Your assignment >>
Skip all pictures. Write out the data below from its first line through the line that contains "Bershka Faux leather jacket in black".
Segment Start: Data extract
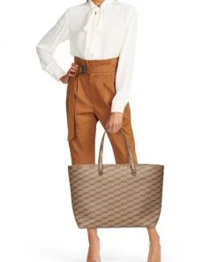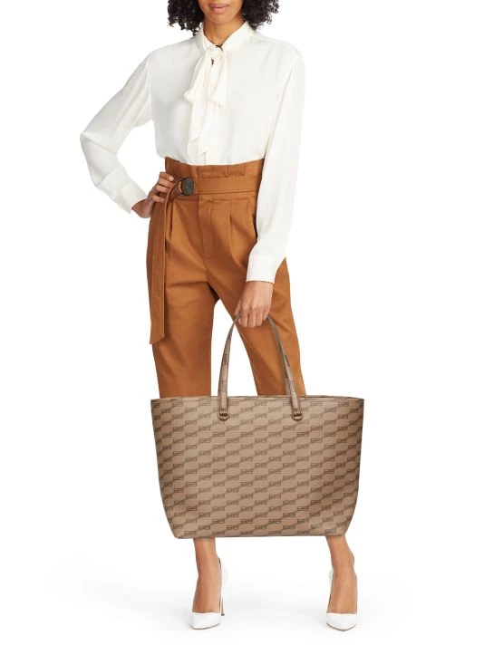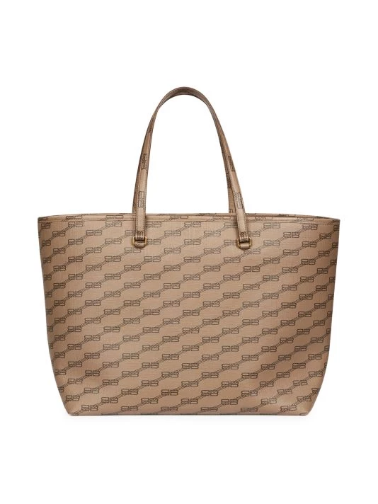 Balenciaga’s Signature shopping bag is crafted of coated canvas showcasing the signature BB monogram.
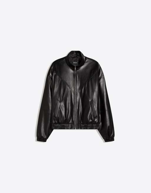 Bershka Faux leather jacket in black
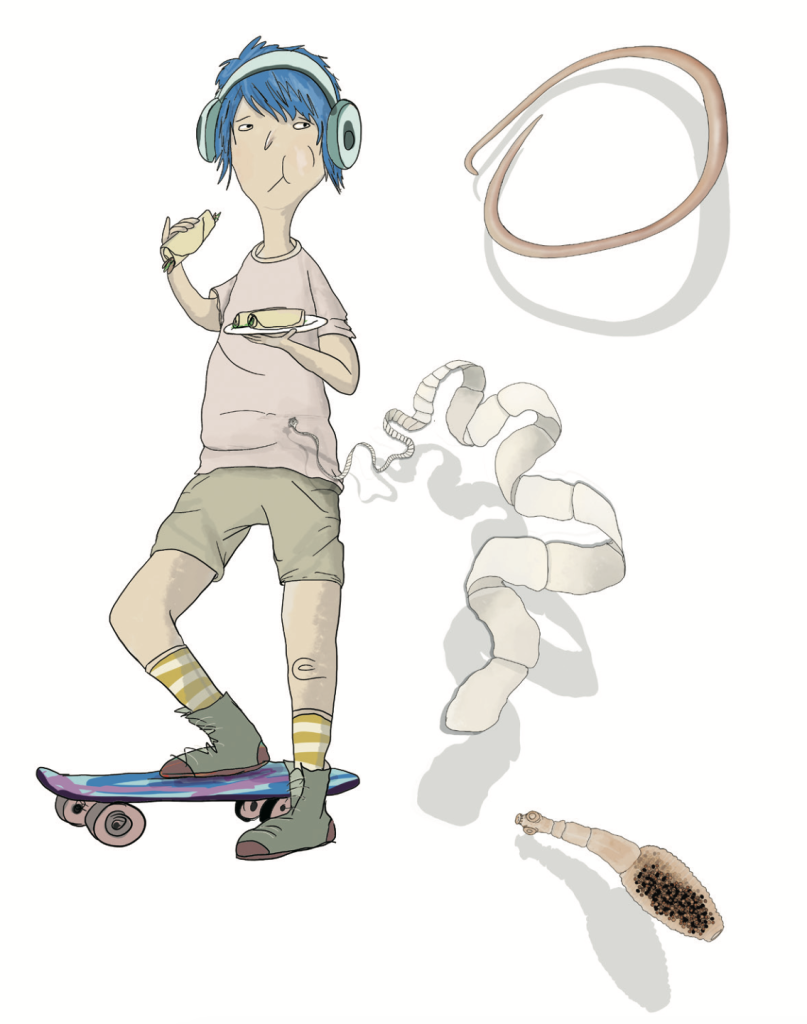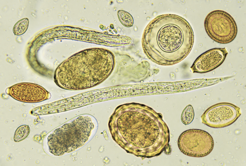 Desde sus orígenes, hace más de 200 000 años, la especie humana ha estado expuesta a una gran cantidad de micro y macroorganismos muy diversos. Una evidencia fósil de ello es que en coprolitos o albergados en ancestros que datan del Neolítico se han encontrado diferentes helmintos, los cuales son gusanos parásitos de cuerpo alargado con un tamaño variable que oscila entre milímetros hasta metros. En la actualidad, se estima que aproximadamente 2 000 millones de personas (alrededor de 30% de la población mundial) están infectadas por al menos una especie de helmintos. Dentro de esta clase de parásitos se encuentran dos phyla: los platelmintos o gusanos planos y los nematodos o gusanos redondos, ambos de relevancia médica. Ejemplos de platelmintos son Taenia solium y T. saginata (solitaria), Echinococcus granulosus y E. multilocularis; de los nematodos, Enterobius vermicularis (oxiuro), Trichuris trichiura (tricocéfalo), Ascaris lumbricoides (gusano redondo grande), Necator americanus y Ancylostoma duodenale (uncinarias), y Strongyloides stercoralis.
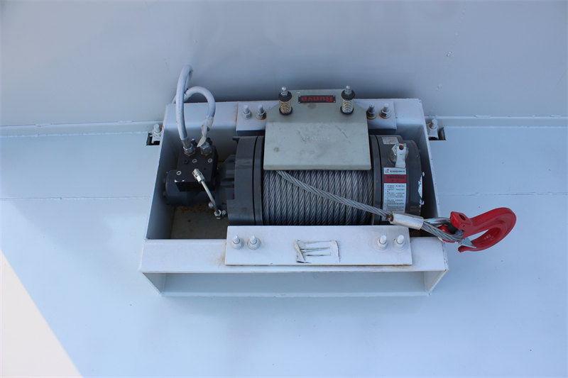 4. 効率的な自動積み込み・積み下ろし: 8トン油圧ウインチ、2メートル油圧式ランプ、25トン油圧式フロントサポートレッグを備えており、追加の機械に頼ることなく、機器の積み下ろしを独立して行うことができます。
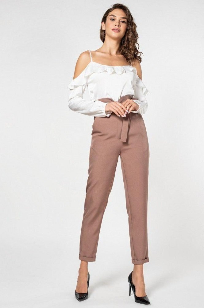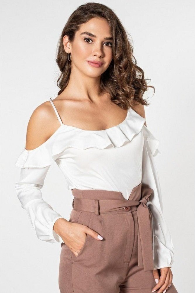 Шёлковая блуза на тонких регулируемых бретелях с нежной оборкой по декольте и плечам. Длина по спинке (прибл.) - 58 см.
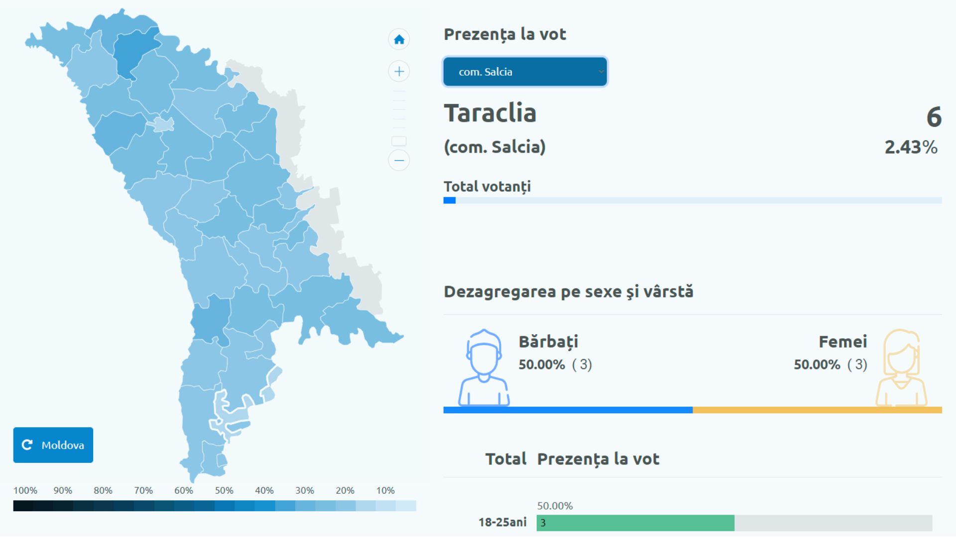 Zero voturi până la ora 11:00, în comuna Salcia din Taraclia, acolo unde se desfășoară alegeri repetate. De această dată, secția de votare a rămas fără lumină, astfel că și procesul de votare a fost întrerupt. După ce problema a fost remediată, la urne s-au prezentat abia 6 alegători. Potrivit datelor Comisiei Electorale Centrale (CEC), doar 2,43% din numărul total de alegători înscriși în liste s-au prezentat la vot.
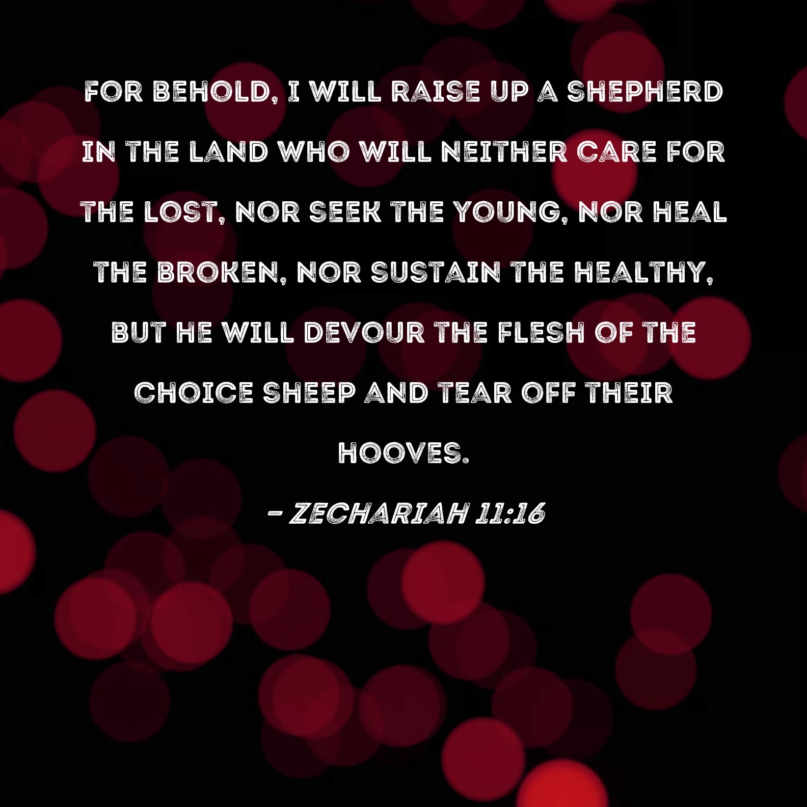 Zechariah 11:16 For behold, I will raise up a shepherd in the land who will neither care for the lost, nor seek the young, nor heal the broken, nor sustain the healthy, but he will devour the flesh of the choice sheep and tear off their hooves.
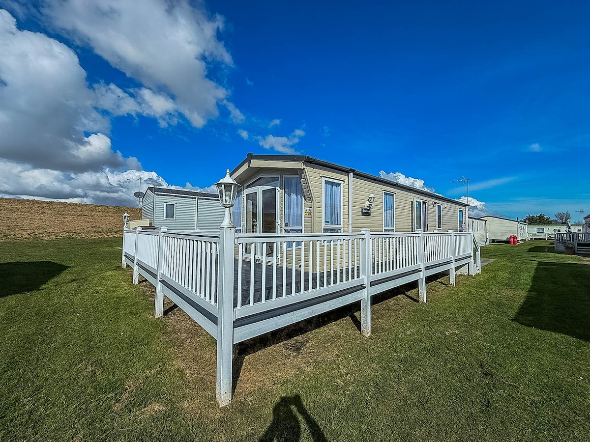 3 bed caravan, sleeps 8. With wrap-around decking, double glazing and central heating. Diamond rated.
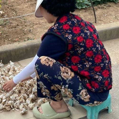 겨울 촌캉스 꽃무늬 김장조끼 할머니 솜 반팔 따뜻한
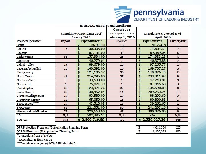 PA Labor & Industry Update USDOL Quarterly Report Dashboard Update
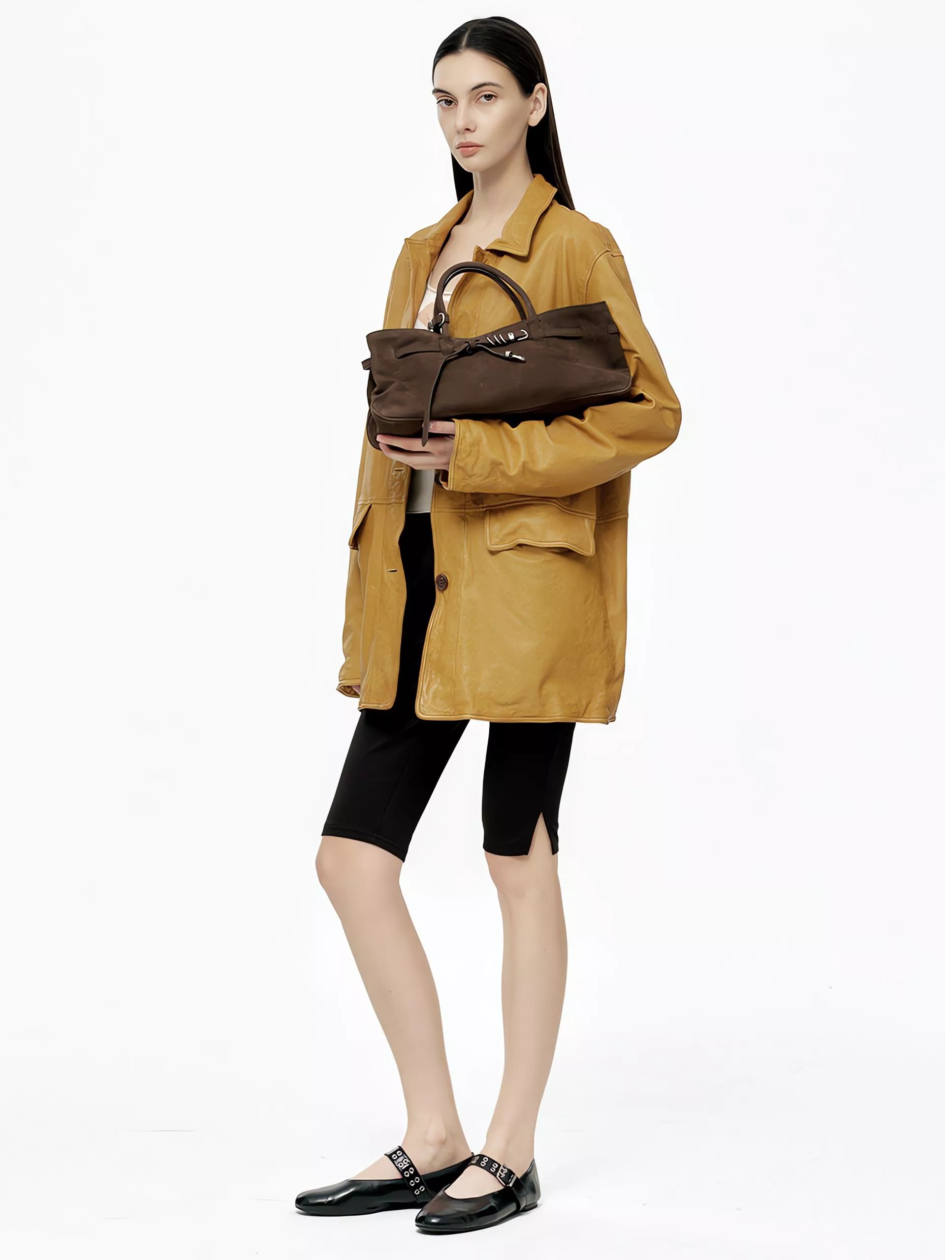 Margesherwood 巧克力棕霧感皮革|Grandma Used Bag 復古托特
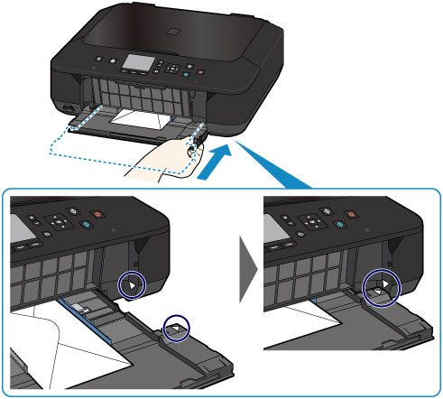 (5) Paslinkite dešinįjį popieriaus kreipiklį (A), kad sulygintumėte popieriaus kreipiklius su abiem vokų kraštais.
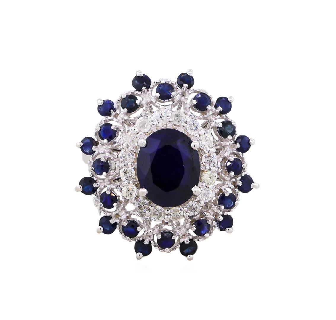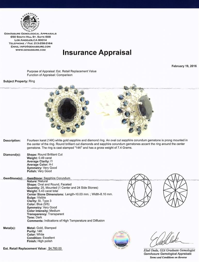 Fourteen Karat (14K) White Gold Sapphire And Diamond Ring. An Oval Cut Sapphire Corundum Gemstone Is Prong Mounted In The Center Of The Ring. Round Brilliant Cut Diamonds And Sapphire Corundum Gemstones Accent The Ring Around The Center Gemstone. The Ring Is Cast Stamped "14K" And Has A Gross Weight Of 7.4 Grams. Diamonds: Shape: Round Brilliant Cut, Weight: 0.49 Carat, Average Clarity: Il, Average Color: H-L, Symmetry: Very Good, Polish: Very Good. Gemstone: Sapphire Corundum. Shape: Oval And Round, Faceted, Quantity: 25, Mounted (1 Center And 24 Side Stones), Weight: 5.43 Carat Total, Center Stone Dimensions: Length-10.03 Mm.; Width-8.10 Mm., Bulge: Visible, Clarity: Si, Type 3, Color: Blue (5/5), Symmetry: Very Good, Color Intensity: Medium, Transparency: Transparent, Tone: Dark. Comments: Indications Of High Temperature And Diffusion. Metal: Gold, Stamped. Purity: 14K, Color: White, Condition: Excellent, Finish: High Polish. GGA Appraised at $4,760.00.
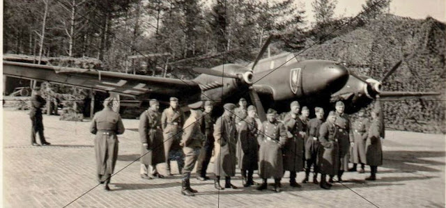 offered via Marco at koelsch333 Ebay sales in November 2016 and sold for 420 euros! Amazing especially given that the image was previously published in Volume I of the Stipdonk/Meyer series. Note the machine in the middle - closer view below - an NJG 1 Bf 110 C-6 coded "G9+EH". The barrel and housing of a MK 101 30 mm cannon installation can just be made out under the fuselage. The photo was taken in early 1942 during a sortie from Venlo in the Netherlands. Three victory markings can be discerned. The Czech firm Eduard produce a limited edition kit of this rare variant with a neat resin reproduction of the cannon and belly fairing.
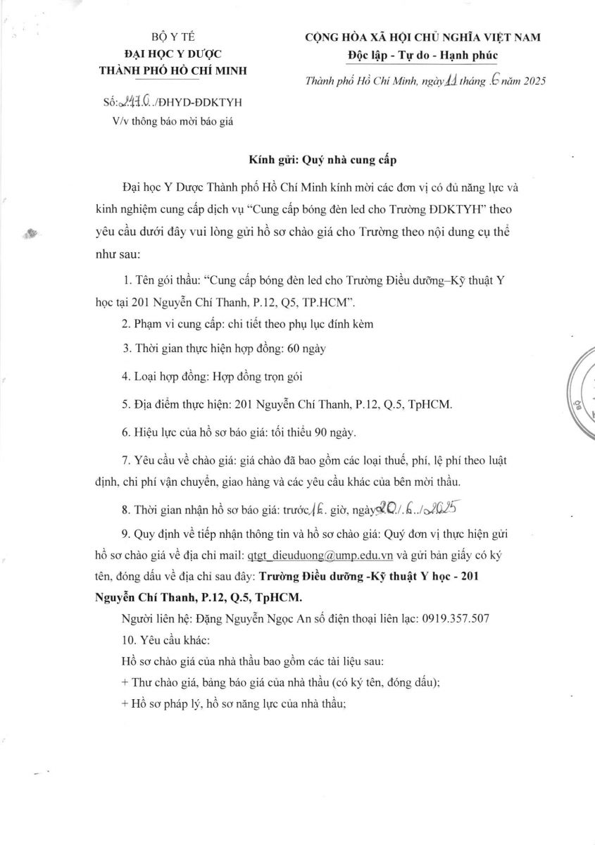 Thời gian nhận hồ sơ chào giá: từ ngày ra thông báo đến trước 16 giờ, ngày 20/6/2025
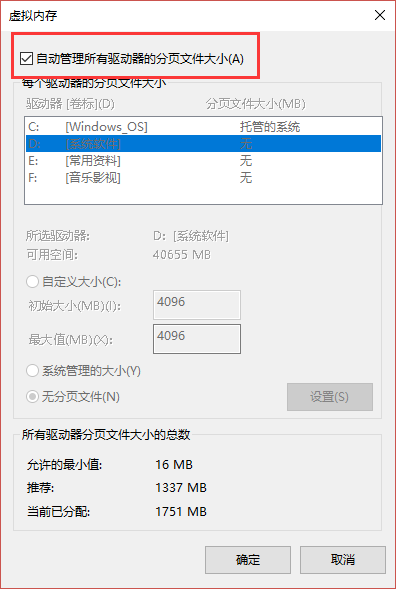3、在随后的性能设置中,将虚拟内存设置选择成“自动管理所有驱动器的分页文件大小”;这样能排除是由于虚拟内存页面文件导致不能格式化的问题。
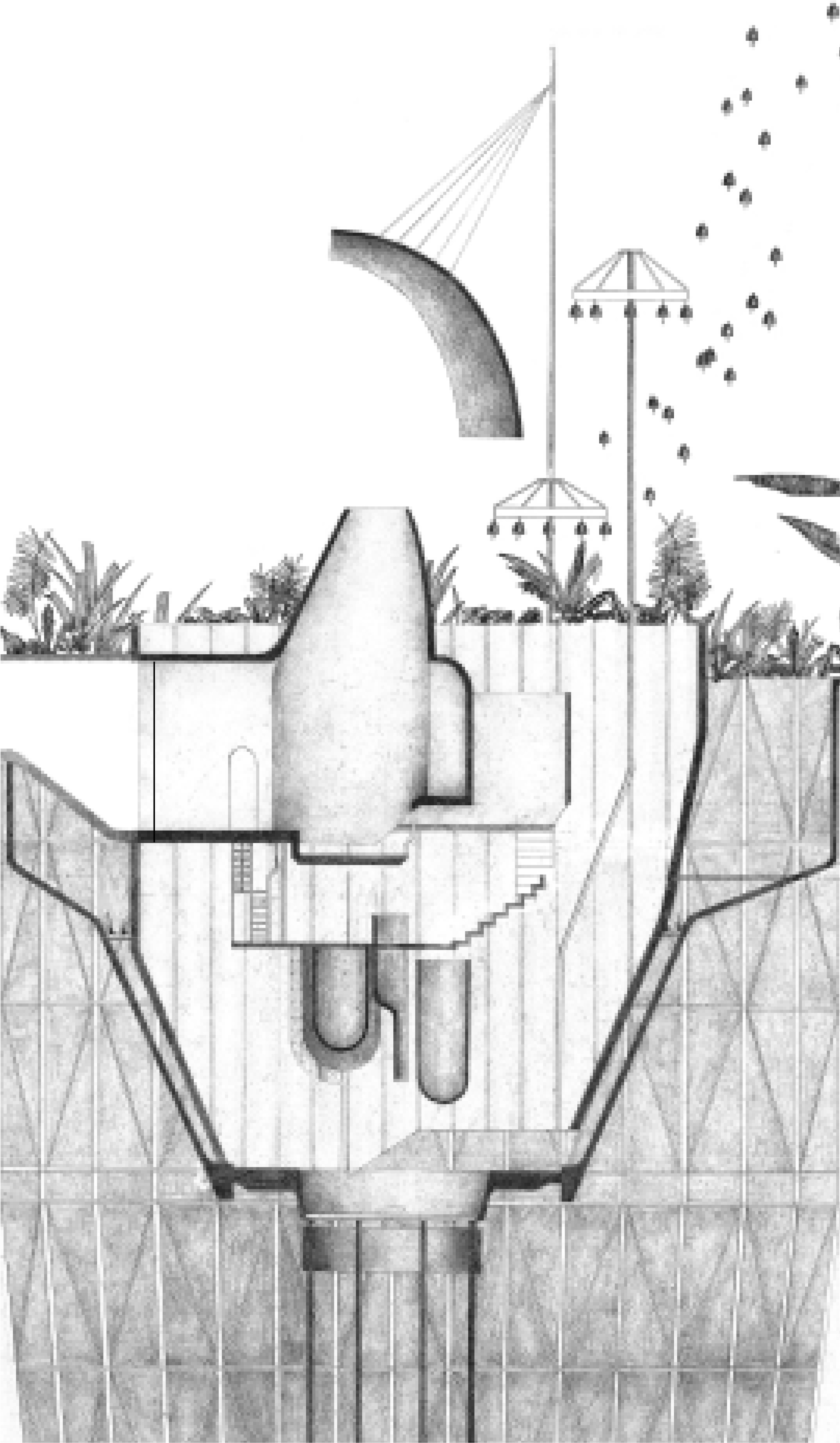 Mound Meru is a fictional architectural space where the future Boddhivista will be born through reincarnation, becoming a space for meditation and Buddhist retreat.
Segment End: Data extract
Response area >>
 Balenciaga’s Signature shopping bag is crafted of coated canvas showcasing the signature BB monogram.
 Bershka Faux leather jacket in black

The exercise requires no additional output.